Top of Given records

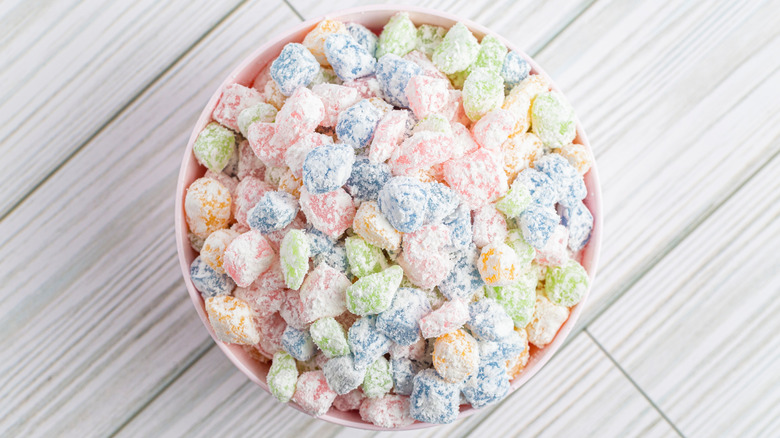 Mochi is a traditional Japanese dessert, made with sweetened glutinous rice flour. These bite-sized rice cake pieces have a distinctly soft, gummy texture that's unlike anything else, making them a fun addition to frozen yogurt. Mochi often comes in small, bun-shaped pieces, with a filling such as sweetened red bean paste, chocolate ganache, or ice cream. However, when it comes to froyo toppings, mochi tends to be in the form of smaller, unfilled morsels, similar to the boba pearls you'd find in bubble tea. This chewy treat comes in a rainbow of colors and flavors, such as strawberry, green tea, or coconut, so you can use them to craft a bowlful that both looks and tastes amazing.
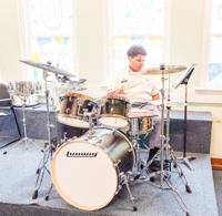 Submitted / TPI Freshman Blake Modeste tries out the new drum kit.
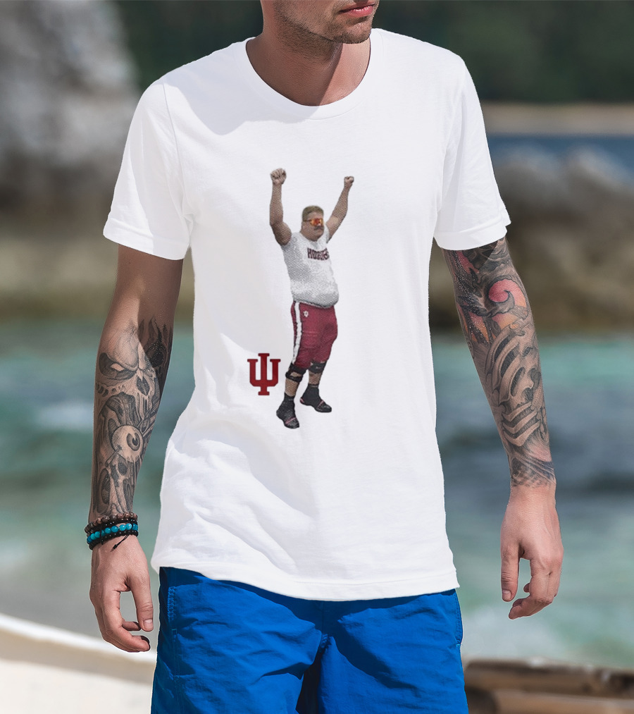 Mike Katic Indiana Hoosiers Football Player Celebration Cartoon IU Logo T-Shirt
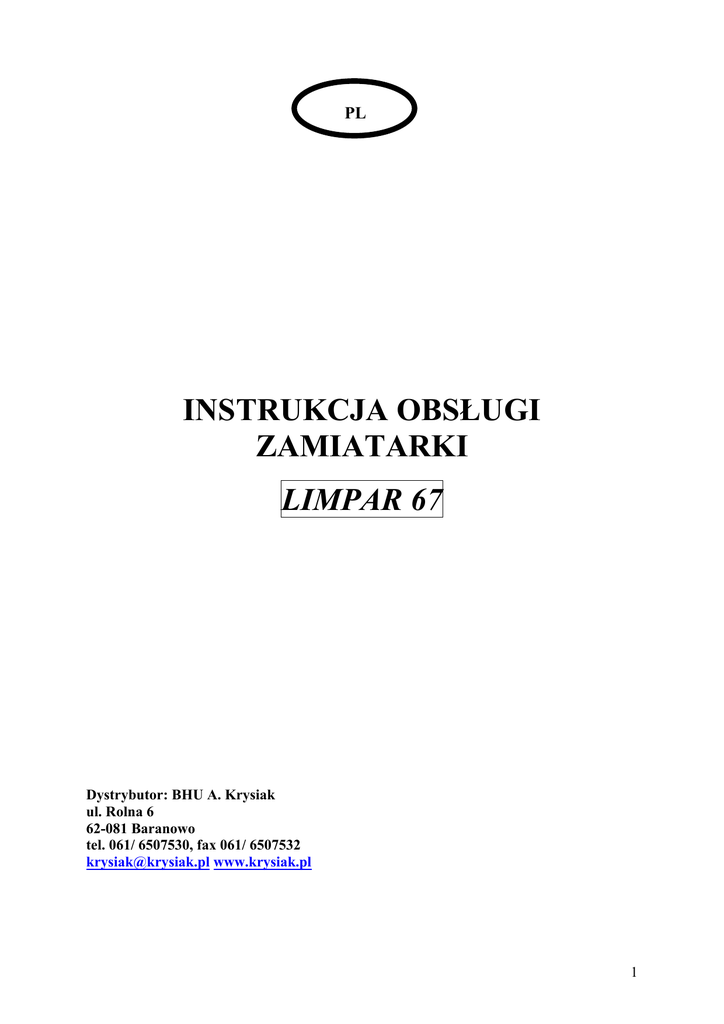 Instrukcja obsługi zamiatarka LIMPAR 67
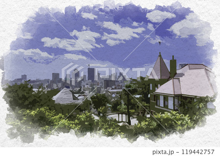 水彩画風 神戸 風見鶏の館と神戸市街 兵庫県神戸市
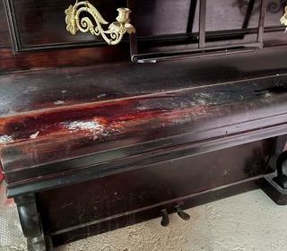 PIANO DROIT ANCIEN AVEC POIGNEES ET CHANDELIERS
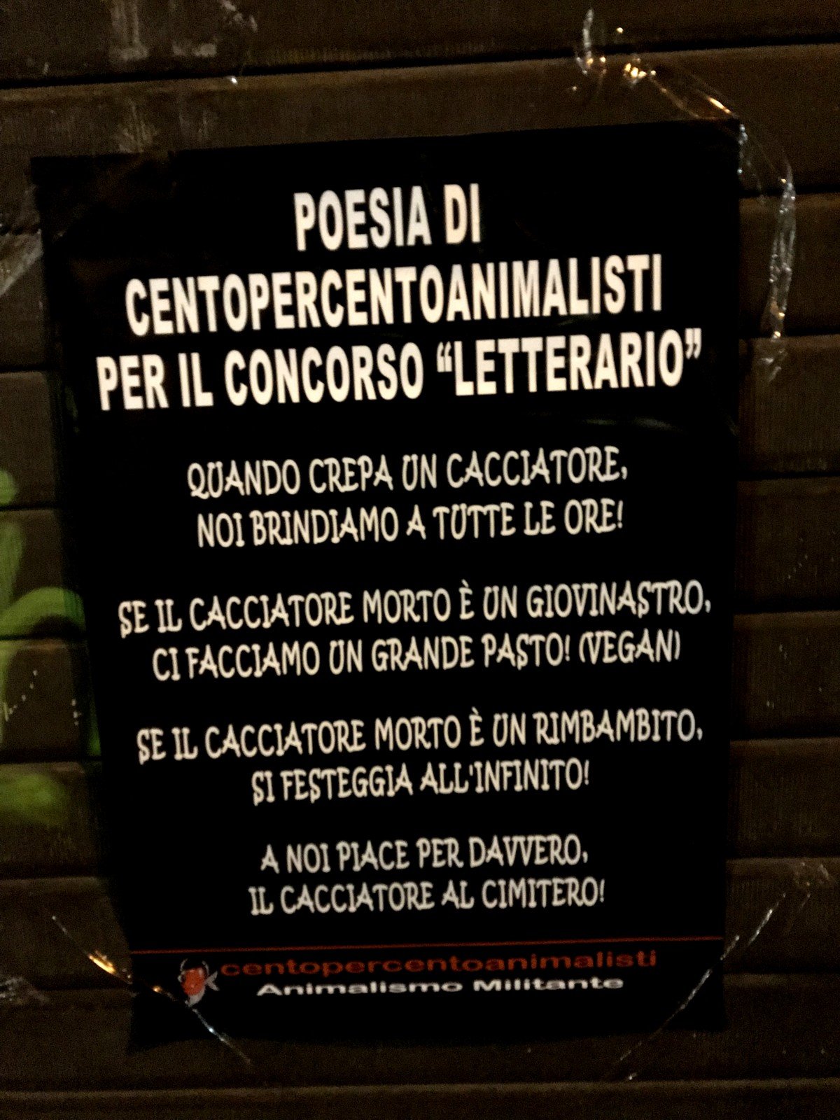 Nella notte tra il 14 e 15 marzo, Militanti di CENTOPERCENTOANIMALISTI hanno pensato di “partecipare” ai due concorsi e, dato che il negozio era chiuso, le opere, una tristemente reale e l’altra ironica, sono state affisse sulla serranda della lavanderia Lavalux, in via Gian Domenico Romagnosi, 32 a Trento.

Bottom of Given records

▶ _Instructions for the task_
Only the text of the entries above, transcribed exactly, should be given; leave out pictures.

▶ _Result of this task_
 Mochi is a traditional Japanese dessert, made with sweetened glutinous rice flour. These bite-sized rice cake pieces have a distinctly soft, gummy texture that's unlike anything else, making them a fun addition to frozen yogurt. Mochi often comes in small, bun-shaped pieces, with a filling such as sweetened red bean paste, chocolate ganache, or ice cream. However, when it comes to froyo toppings, mochi tends to be in the form of smaller, unfilled morsels, similar to the boba pearls you'd find in bubble tea. This chewy treat comes in a rainbow of colors and flavors, such as strawberry, green tea, or coconut, so you can use them to craft a bowlful that both looks and tastes amazing.
 Submitted / TPI Freshman Blake Modeste tries out the new drum kit.
 Mike Katic Indiana Hoosiers Football Player Celebration Cartoon IU Logo T-Shirt
 Instrukcja obsługi zamiatarka LIMPAR 67
 水彩画風 神戸 風見鶏の館と神戸市街 兵庫県神戸市
 PIANO DROIT ANCIEN AVEC POIGNEES ET CHANDELIERS
 Nella notte tra il 14 e 15 marzo, Militanti di CENTOPERCENTOANIMALISTI hanno pensato di “partecipare” ai due concorsi e, dato che il negozio era chiuso, le opere, una tristemente reale e l’altra ironica, sono state affisse sulla serranda della lavanderia Lavalux, in via Gian Domenico Romagnosi, 32 a Trento.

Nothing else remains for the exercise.